== Work required ==
Return the full listing, character for character.

== Provided data ==

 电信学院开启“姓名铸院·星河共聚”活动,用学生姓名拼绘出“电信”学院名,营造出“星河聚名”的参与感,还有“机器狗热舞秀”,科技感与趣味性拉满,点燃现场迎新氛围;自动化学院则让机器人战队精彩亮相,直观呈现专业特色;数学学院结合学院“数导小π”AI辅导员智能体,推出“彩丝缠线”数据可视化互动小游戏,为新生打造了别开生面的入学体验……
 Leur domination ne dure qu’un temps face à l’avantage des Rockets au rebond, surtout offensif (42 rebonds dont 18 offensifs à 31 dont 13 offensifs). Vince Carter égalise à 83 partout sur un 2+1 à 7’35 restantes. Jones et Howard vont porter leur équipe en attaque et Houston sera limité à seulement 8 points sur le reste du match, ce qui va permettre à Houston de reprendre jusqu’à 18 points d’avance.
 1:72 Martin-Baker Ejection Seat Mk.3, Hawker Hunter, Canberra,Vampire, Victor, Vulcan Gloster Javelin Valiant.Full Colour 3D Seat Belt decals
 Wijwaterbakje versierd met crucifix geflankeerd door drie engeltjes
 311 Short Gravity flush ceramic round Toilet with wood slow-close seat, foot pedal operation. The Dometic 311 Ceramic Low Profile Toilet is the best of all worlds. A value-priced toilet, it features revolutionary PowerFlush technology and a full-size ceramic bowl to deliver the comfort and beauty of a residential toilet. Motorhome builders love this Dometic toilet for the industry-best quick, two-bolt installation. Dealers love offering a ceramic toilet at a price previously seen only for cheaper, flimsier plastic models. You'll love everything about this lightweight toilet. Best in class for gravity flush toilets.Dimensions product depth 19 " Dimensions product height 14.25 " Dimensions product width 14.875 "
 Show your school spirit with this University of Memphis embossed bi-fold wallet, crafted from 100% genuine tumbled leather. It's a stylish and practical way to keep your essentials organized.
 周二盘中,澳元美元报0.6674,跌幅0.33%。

== Output ==
 电信学院开启“姓名铸院·星河共聚”活动,用学生姓名拼绘出“电信”学院名,营造出“星河聚名”的参与感,还有“机器狗热舞秀”,科技感与趣味性拉满,点燃现场迎新氛围;自动化学院则让机器人战队精彩亮相,直观呈现专业特色;数学学院结合学院“数导小π”AI辅导员智能体,推出“彩丝缠线”数据可视化互动小游戏,为新生打造了别开生面的入学体验……
 Leur domination ne dure qu’un temps face à l’avantage des Rockets au rebond, surtout offensif (42 rebonds dont 18 offensifs à 31 dont 13 offensifs). Vince Carter égalise à 83 partout sur un 2+1 à 7’35 restantes. Jones et Howard vont porter leur équipe en attaque et Houston sera limité à seulement 8 points sur le reste du match, ce qui va permettre à Houston de reprendre jusqu’à 18 points d’avance.
 1:72 Martin-Baker Ejection Seat Mk.3, Hawker Hunter, Canberra,Vampire, Victor, Vulcan Gloster Javelin Valiant.Full Colour 3D Seat Belt decals
 Wijwaterbakje versierd met crucifix geflankeerd door drie engeltjes
 311 Short Gravity flush ceramic round Toilet with wood slow-close seat, foot pedal operation. The Dometic 311 Ceramic Low Profile Toilet is the best of all worlds. A value-priced toilet, it features revolutionary PowerFlush technology and a full-size ceramic bowl to deliver the comfort and beauty of a residential toilet. Motorhome builders love this Dometic toilet for the industry-best quick, two-bolt installation. Dealers love offering a ceramic toilet at a price previously seen only for cheaper, flimsier plastic models. You'll love everything about this lightweight toilet. Best in class for gravity flush toilets.Dimensions product depth 19 " Dimensions product height 14.25 " Dimensions product width 14.875 "
 Show your school spirit with this University of Memphis embossed bi-fold wallet, crafted from 100% genuine tumbled leather. It's a stylish and practical way to keep your essentials organized.
 周二盘中,澳元美元报0.6674,跌幅0.33%。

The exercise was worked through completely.